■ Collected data
+++
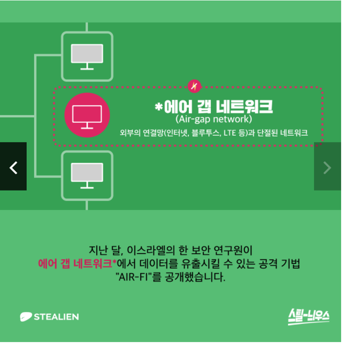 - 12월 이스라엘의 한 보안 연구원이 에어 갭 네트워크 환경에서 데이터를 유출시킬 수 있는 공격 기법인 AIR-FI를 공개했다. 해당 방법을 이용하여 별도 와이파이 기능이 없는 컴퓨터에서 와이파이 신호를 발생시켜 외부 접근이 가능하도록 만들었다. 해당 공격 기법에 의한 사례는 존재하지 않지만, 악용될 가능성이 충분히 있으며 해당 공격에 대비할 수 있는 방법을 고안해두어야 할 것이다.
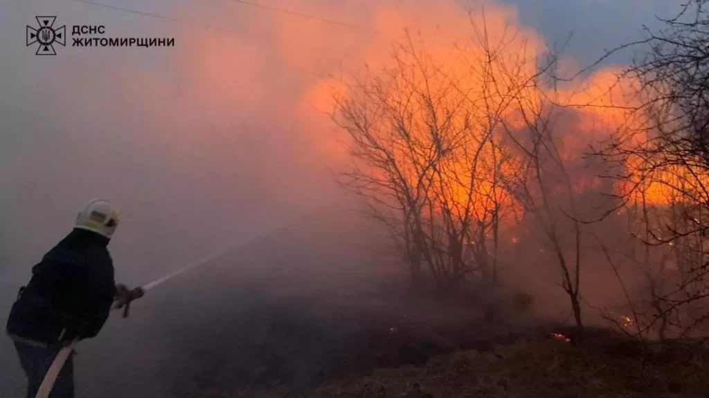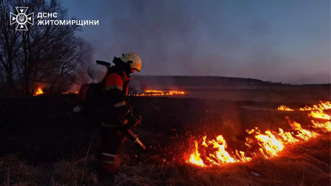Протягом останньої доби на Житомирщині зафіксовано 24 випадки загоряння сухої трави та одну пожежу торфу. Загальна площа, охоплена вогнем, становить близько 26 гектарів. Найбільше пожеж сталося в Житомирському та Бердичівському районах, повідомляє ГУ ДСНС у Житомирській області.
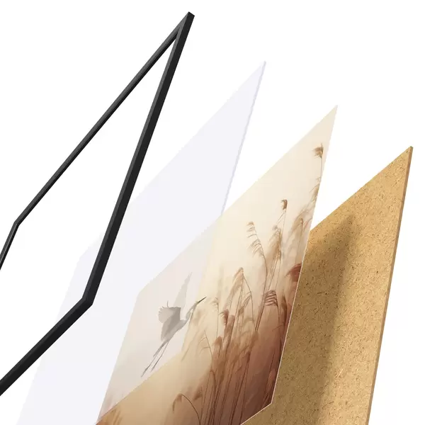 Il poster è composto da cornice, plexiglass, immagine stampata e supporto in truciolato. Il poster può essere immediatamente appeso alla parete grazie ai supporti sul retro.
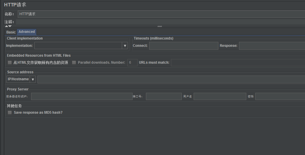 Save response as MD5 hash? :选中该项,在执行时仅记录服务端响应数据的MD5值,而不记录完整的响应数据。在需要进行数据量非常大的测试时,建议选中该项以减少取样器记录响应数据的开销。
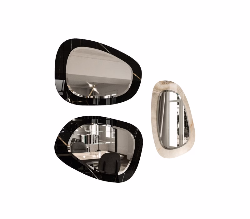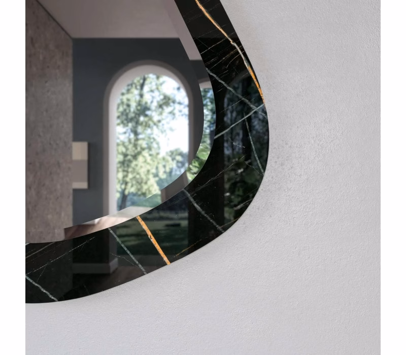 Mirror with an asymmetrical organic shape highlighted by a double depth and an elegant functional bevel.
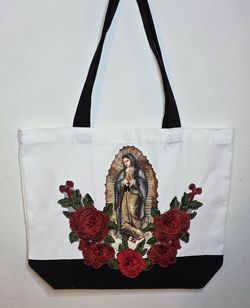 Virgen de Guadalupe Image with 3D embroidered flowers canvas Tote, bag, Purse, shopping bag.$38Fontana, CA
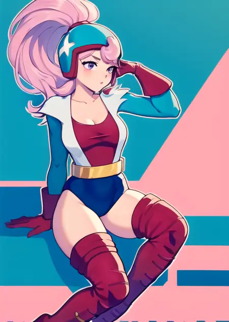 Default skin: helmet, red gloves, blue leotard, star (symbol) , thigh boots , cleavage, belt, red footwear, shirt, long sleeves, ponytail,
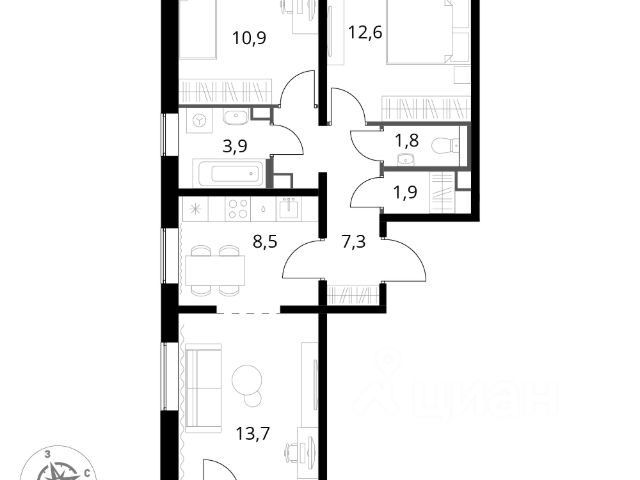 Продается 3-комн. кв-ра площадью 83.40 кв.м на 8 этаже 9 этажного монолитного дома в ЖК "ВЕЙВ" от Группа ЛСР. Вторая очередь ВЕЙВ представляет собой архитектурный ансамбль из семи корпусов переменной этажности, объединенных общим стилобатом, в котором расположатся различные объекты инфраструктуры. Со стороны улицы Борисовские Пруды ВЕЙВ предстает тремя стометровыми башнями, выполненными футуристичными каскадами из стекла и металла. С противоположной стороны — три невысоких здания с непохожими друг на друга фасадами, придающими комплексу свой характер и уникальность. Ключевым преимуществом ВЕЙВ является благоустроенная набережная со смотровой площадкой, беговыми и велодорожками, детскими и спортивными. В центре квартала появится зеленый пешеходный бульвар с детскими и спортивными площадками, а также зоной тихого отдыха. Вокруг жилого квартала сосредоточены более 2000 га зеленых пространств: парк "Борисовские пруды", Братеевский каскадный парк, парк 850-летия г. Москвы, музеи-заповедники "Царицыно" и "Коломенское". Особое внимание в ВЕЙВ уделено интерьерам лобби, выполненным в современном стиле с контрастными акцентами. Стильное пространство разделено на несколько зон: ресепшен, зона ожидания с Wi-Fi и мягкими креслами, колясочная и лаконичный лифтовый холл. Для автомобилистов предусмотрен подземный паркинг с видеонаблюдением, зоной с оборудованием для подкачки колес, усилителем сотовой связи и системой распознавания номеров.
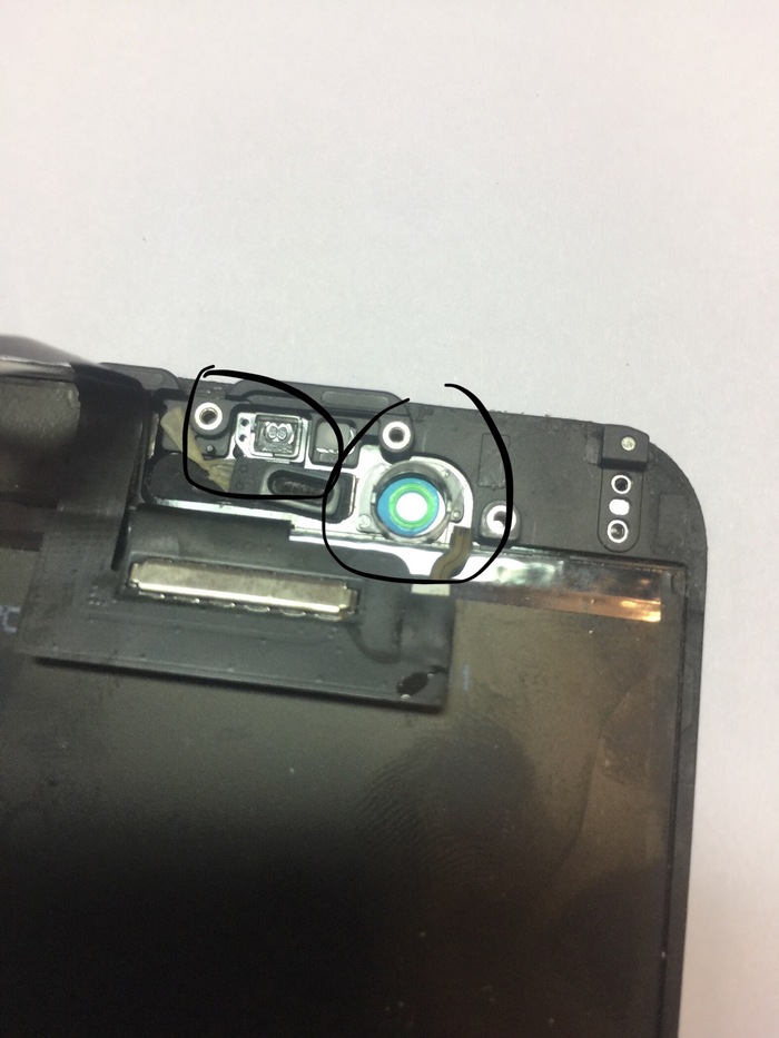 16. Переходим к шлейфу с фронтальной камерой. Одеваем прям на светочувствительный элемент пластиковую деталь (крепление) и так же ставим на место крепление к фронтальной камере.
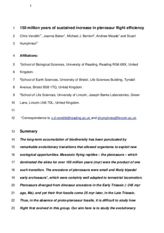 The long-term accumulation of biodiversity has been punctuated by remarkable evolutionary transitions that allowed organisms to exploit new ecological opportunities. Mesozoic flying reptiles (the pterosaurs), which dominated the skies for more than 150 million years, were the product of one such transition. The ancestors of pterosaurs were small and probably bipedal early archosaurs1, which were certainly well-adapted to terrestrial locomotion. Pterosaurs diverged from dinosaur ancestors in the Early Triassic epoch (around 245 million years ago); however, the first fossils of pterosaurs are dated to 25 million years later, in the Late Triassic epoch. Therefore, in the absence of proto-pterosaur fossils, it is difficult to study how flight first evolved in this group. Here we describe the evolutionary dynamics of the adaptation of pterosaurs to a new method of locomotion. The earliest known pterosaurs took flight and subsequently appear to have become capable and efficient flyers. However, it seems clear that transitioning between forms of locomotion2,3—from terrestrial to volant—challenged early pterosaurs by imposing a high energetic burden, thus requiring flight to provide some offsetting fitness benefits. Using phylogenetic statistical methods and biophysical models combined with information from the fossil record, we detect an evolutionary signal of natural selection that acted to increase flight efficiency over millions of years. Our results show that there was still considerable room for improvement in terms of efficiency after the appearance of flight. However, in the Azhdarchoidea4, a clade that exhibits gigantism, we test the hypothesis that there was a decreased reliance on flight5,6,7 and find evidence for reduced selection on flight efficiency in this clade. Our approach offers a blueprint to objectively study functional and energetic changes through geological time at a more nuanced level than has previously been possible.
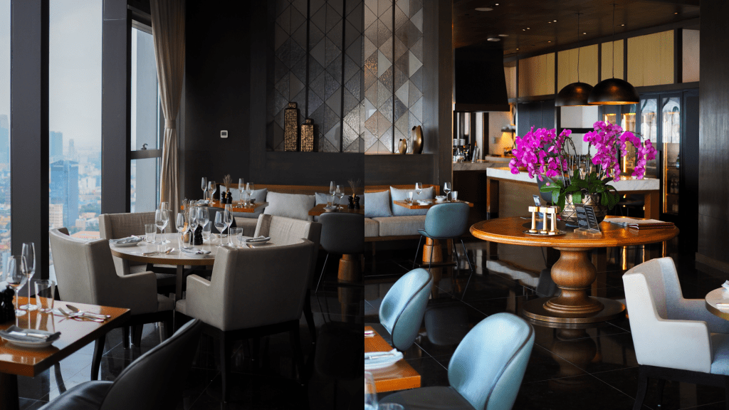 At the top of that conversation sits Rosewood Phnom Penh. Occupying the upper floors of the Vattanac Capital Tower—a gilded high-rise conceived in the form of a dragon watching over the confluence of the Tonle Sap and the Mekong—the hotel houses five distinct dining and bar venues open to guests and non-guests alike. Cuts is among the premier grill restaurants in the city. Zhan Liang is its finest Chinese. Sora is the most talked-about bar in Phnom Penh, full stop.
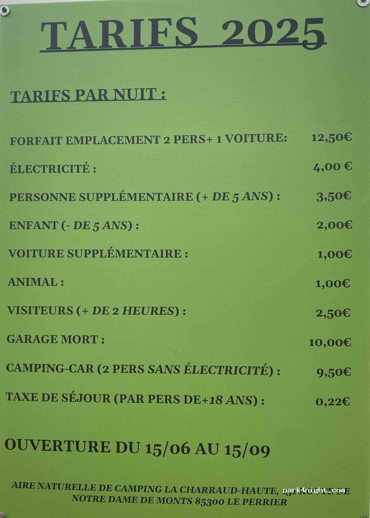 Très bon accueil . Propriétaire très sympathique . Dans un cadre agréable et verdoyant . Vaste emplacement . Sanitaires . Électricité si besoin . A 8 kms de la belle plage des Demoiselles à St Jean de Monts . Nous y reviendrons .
+++
Return all of the data exactly as written, and drop the pictures.

■ Result
 - 12월 이스라엘의 한 보안 연구원이 에어 갭 네트워크 환경에서 데이터를 유출시킬 수 있는 공격 기법인 AIR-FI를 공개했다. 해당 방법을 이용하여 별도 와이파이 기능이 없는 컴퓨터에서 와이파이 신호를 발생시켜 외부 접근이 가능하도록 만들었다. 해당 공격 기법에 의한 사례는 존재하지 않지만, 악용될 가능성이 충분히 있으며 해당 공격에 대비할 수 있는 방법을 고안해두어야 할 것이다.
Протягом останньої доби на Житомирщині зафіксовано 24 випадки загоряння сухої трави та одну пожежу торфу. Загальна площа, охоплена вогнем, становить близько 26 гектарів. Найбільше пожеж сталося в Житомирському та Бердичівському районах, повідомляє ГУ ДСНС у Житомирській області.
 Il poster è composto da cornice, plexiglass, immagine stampata e supporto in truciolato. Il poster può essere immediatamente appeso alla parete grazie ai supporti sul retro.
 Save response as MD5 hash? :选中该项,在执行时仅记录服务端响应数据的MD5值,而不记录完整的响应数据。在需要进行数据量非常大的测试时,建议选中该项以减少取样器记录响应数据的开销。
 Mirror with an asymmetrical organic shape highlighted by a double depth and an elegant functional bevel.
 Virgen de Guadalupe Image with 3D embroidered flowers canvas Tote, bag, Purse, shopping bag.$38Fontana, CA
 Default skin: helmet, red gloves, blue leotard, star (symbol) , thigh boots , cleavage, belt, red footwear, shirt, long sleeves, ponytail,
 Продается 3-комн. кв-ра площадью 83.40 кв.м на 8 этаже 9 этажного монолитного дома в ЖК "ВЕЙВ" от Группа ЛСР. Вторая очередь ВЕЙВ представляет собой архитектурный ансамбль из семи корпусов переменной этажности, объединенных общим стилобатом, в котором расположатся различные объекты инфраструктуры. Со стороны улицы Борисовские Пруды ВЕЙВ предстает тремя стометровыми башнями, выполненными футуристичными каскадами из стекла и металла. С противоположной стороны — три невысоких здания с непохожими друг на друга фасадами, придающими комплексу свой характер и уникальность. Ключевым преимуществом ВЕЙВ является благоустроенная набережная со смотровой площадкой, беговыми и велодорожками, детскими и спортивными. В центре квартала появится зеленый пешеходный бульвар с детскими и спортивными площадками, а также зоной тихого отдыха. Вокруг жилого квартала сосредоточены более 2000 га зеленых пространств: парк "Борисовские пруды", Братеевский каскадный парк, парк 850-летия г. Москвы, музеи-заповедники "Царицыно" и "Коломенское". Особое внимание в ВЕЙВ уделено интерьерам лобби, выполненным в современном стиле с контрастными акцентами. Стильное пространство разделено на несколько зон: ресепшен, зона ожидания с Wi-Fi и мягкими креслами, колясочная и лаконичный лифтовый холл. Для автомобилистов предусмотрен подземный паркинг с видеонаблюдением, зоной с оборудованием для подкачки колес, усилителем сотовой связи и системой распознавания номеров.
 16. Переходим к шлейфу с фронтальной камерой. Одеваем прям на светочувствительный элемент пластиковую деталь (крепление) и так же ставим на место крепление к фронтальной камере.
 The long-term accumulation of biodiversity has been punctuated by remarkable evolutionary transitions that allowed organisms to exploit new ecological opportunities. Mesozoic flying reptiles (the pterosaurs), which dominated the skies for more than 150 million years, were the product of one such transition. The ancestors of pterosaurs were small and probably bipedal early archosaurs1, which were certainly well-adapted to terrestrial locomotion. Pterosaurs diverged from dinosaur ancestors in the Early Triassic epoch (around 245 million years ago); however, the first fossils of pterosaurs are dated to 25 million years later, in the Late Triassic epoch. Therefore, in the absence of proto-pterosaur fossils, it is difficult to study how flight first evolved in this group. Here we describe the evolutionary dynamics of the adaptation of pterosaurs to a new method of locomotion. The earliest known pterosaurs took flight and subsequently appear to have become capable and efficient flyers. However, it seems clear that transitioning between forms of locomotion2,3—from terrestrial to volant—challenged early pterosaurs by imposing a high energetic burden, thus requiring flight to provide some offsetting fitness benefits. Using phylogenetic statistical methods and biophysical models combined with information from the fossil record, we detect an evolutionary signal of natural selection that acted to increase flight efficiency over millions of years. Our results show that there was still considerable room for improvement in terms of efficiency after the appearance of flight. However, in the Azhdarchoidea4, a clade that exhibits gigantism, we test the hypothesis that there was a decreased reliance on flight5,6,7 and find evidence for reduced selection on flight efficiency in this clade. Our approach offers a blueprint to objectively study functional and energetic changes through geological time at a more nuanced level than has previously been possible.
 At the top of that conversation sits Rosewood Phnom Penh. Occupying the upper floors of the Vattanac Capital Tower—a gilded high-rise conceived in the form of a dragon watching over the confluence of the Tonle Sap and the Mekong—the hotel houses five distinct dining and bar venues open to guests and non-guests alike. Cuts is among the premier grill restaurants in the city. Zhan Liang is its finest Chinese. Sora is the most talked-about bar in Phnom Penh, full stop.
 Très bon accueil . Propriétaire très sympathique . Dans un cadre agréable et verdoyant . Vaste emplacement . Sanitaires . Électricité si besoin . A 8 kms de la belle plage des Demoiselles à St Jean de Monts . Nous y reviendrons .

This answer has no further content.